● ASSIGNMENT
With the pictures left out, retype exactly the lines below starting at the line that contains "Вкусный торт eclair с чашечкой кофе на столе" and ending at the line that contains "Have the whole".

● SOURCE INFORMATION
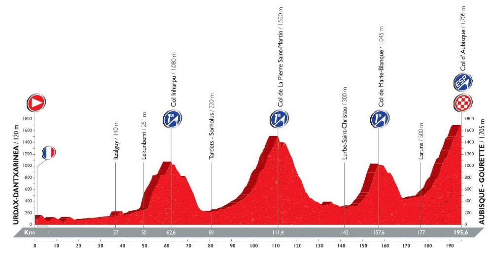 Luego de algunas etapas en País Vasco plagadas de puertos de 2° y 3° con final en bajada -ideales para las fugas o clasicómanos- la Vuelta llegará a su jornada “reina”. Será en los Pirineos galos, con el Aubisque como cierre tras haber superado tres puertos de 1°: Col Inharpu, Col de la Pierre Saint-Martin y Marie Blanque. Allí se sabrá quienes no serán campeones.
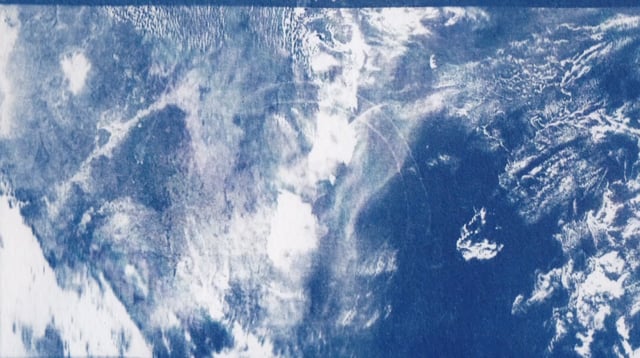 “In response to the 2019/2020 bushfires on the east coast of Australia, Raupach takes the satellite footage of the bushfire smoke and uses the cyanotype photographic process to reproduce each frame, before reanimating to produce the video work, Satellite Cyanotypes. The cyanotype solution transforms the paper into a UV sensitive negative, causing everywhere sunlight touches to turn blue while the masked paper remains white. In large bushfires, UV light is blocked by the smoke and appears as irregular patches on the BOM’s UV forecast maps. By using the cyanotype process Raupach mimics the real phenomena that Satellite Cyanotypes represents.”
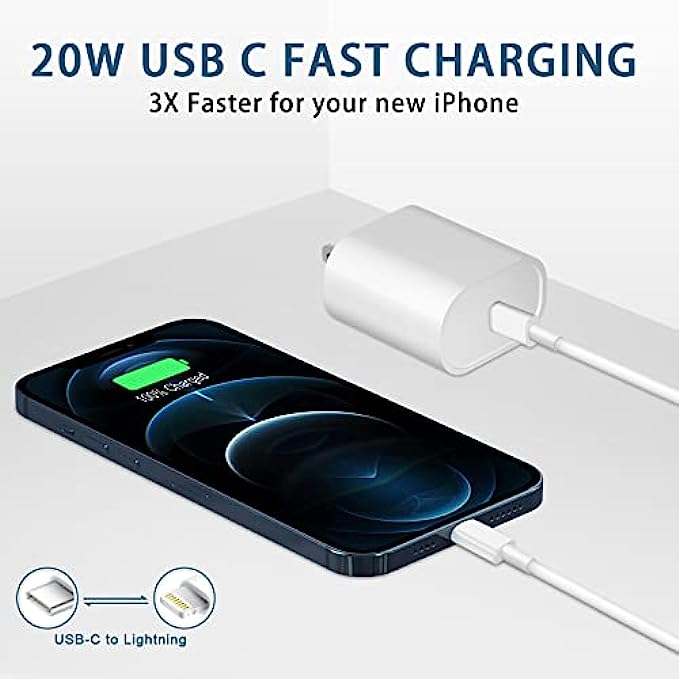 【Universal Compatibility】 The 20W PD phone chargers for iphone can fast charge iPhone 12/12 pro/12 pro max/12 mini/11/11 Pro/11 Pro Max/XR/XS Max/XS/X/8 Plus/8 , iPad Pro, AirPods Pro, and charge iPhone 7/7 Plus/6s/6s Plus/6/6 Plus/SE/5s/5/5c at standard speed.
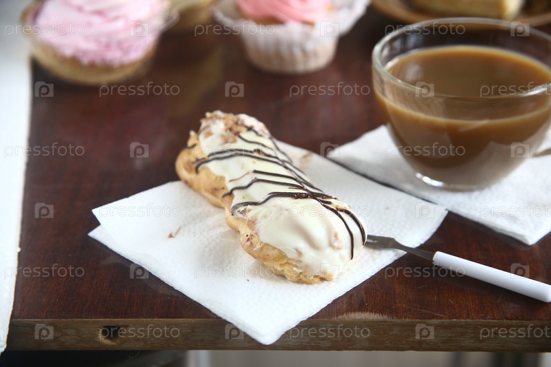 Вкусный торт eclair с чашечкой кофе на столе
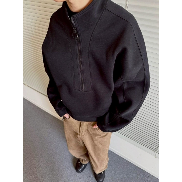弧線 拼接感 設計 半拉鍊 微高領 長袖 衛衣 (2color)
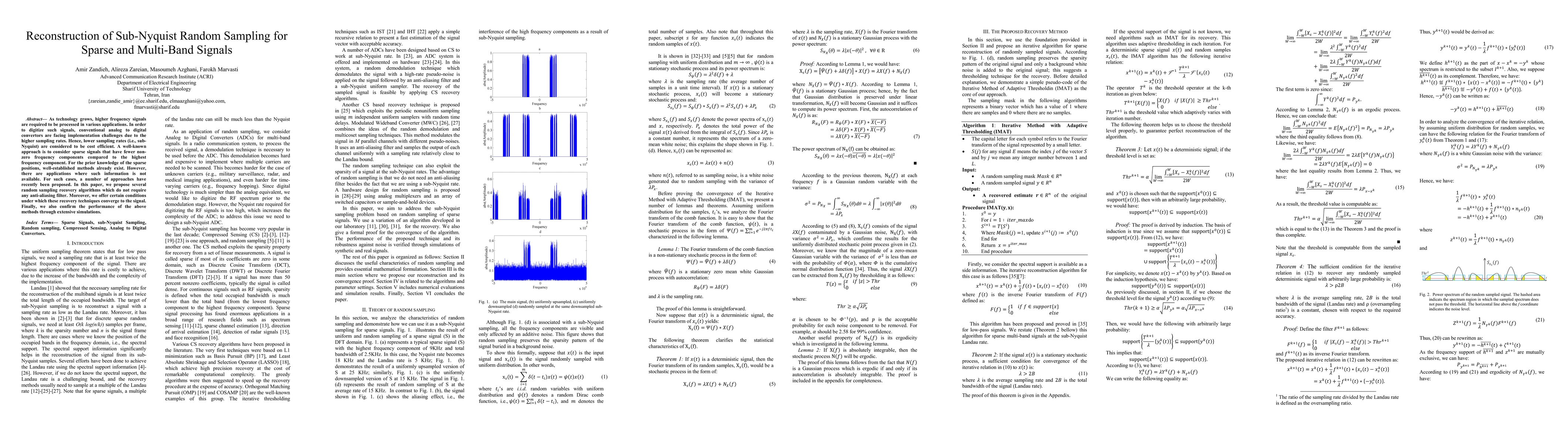 This paper proposes novel random sampling recovery algorithms for sparse and multi-band signals at sub-Nyquist rates without the need for anti-aliasing filters, and establishes conditions under which these methods converge to the original signal, validated through extensive simulations.
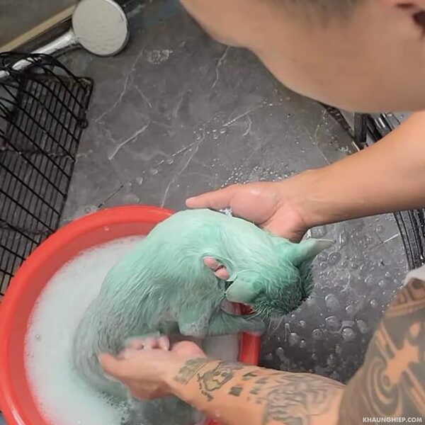 พวกเขาอาบน้ำฟอกสบู่ให้หลายรอบ จนสีเขียวที่เหนียว ออกไปเยอะมาก แต่ก็ยังไม่หมดก็คงต้องรอเวลาสักพัก หรืออาจะมีวิธีการอื่นช่วยเหลือน้อง
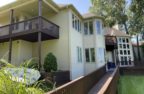Have the whole family out, up to 4 couples or just the 2 of you. Of course, also perfect for the business minded, bay-window work desk on lower level with scenic view. Plenty of room for gathering as well as multiple hidden places for alone time. Amazing views of the lake from different areas of the house. Including a full lower level deck, a main floor deck with BBQ (main-line gas, no tanks needed), side deck off the Master bedroom for privacy. 3 fireplaces for the chilly nights, 1 in the Master bedroom, 1 in the main living room and the last on the lower level.
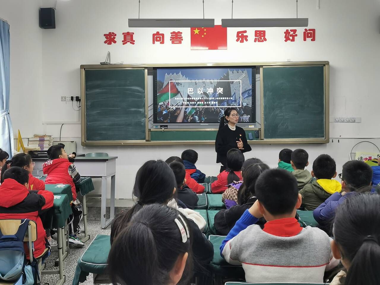 习近平总书记在党的二十大报告中强调:“前进道路上,全党要坚持全心全意为人民服务的根本宗旨,树牢群众观点,贯彻群众路线,尊重人民首创精神,坚持一切为了人民、一切依靠人民,从群众中来、到群众中去,始终保持同人民群众的血肉联系,始终接受人民批评和监督,始终同人民同呼吸、共命运、心连心。”为响应习近平总书记的重要指示,让党员同志积极为群众服务,2023年12月1日,bevictor伟德硕士2023级第二党支部书记贾佳老师带着硕士2023级第二党支部的党员们来到了伟德bevictor中文版子弟小学,就同学们近日关心的国际热点问题进行了相关知识的讲解。
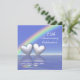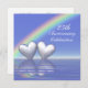 Invitación de aniversario de plata número 25 con un arcoíris y dos corazones plateados brillantes flotando en el agua azul. Personalice el texto de ejemplo en la parte posterior con su propia información para su evento.

● EXERCISE OUTPUT
 Вкусный торт eclair с чашечкой кофе на столе
弧線 拼接感 設計 半拉鍊 微高領 長袖 衛衣 (2color)
 This paper proposes novel random sampling recovery algorithms for sparse and multi-band signals at sub-Nyquist rates without the need for anti-aliasing filters, and establishes conditions under which these methods converge to the original signal, validated through extensive simulations.
 พวกเขาอาบน้ำฟอกสบู่ให้หลายรอบ จนสีเขียวที่เหนียว ออกไปเยอะมาก แต่ก็ยังไม่หมดก็คงต้องรอเวลาสักพัก หรืออาจะมีวิธีการอื่นช่วยเหลือน้อง
Have the whole family out, up to 4 couples or just the 2 of you. Of course, also perfect for the business minded, bay-window work desk on lower level with scenic view. Plenty of room for gathering as well as multiple hidden places for alone time. Amazing views of the lake from different areas of the house. Including a full lower level deck, a main floor deck with BBQ (main-line gas, no tanks needed), side deck off the Master bedroom for privacy. 3 fireplaces for the chilly nights, 1 in the Master bedroom, 1 in the main living room and the last on the lower level.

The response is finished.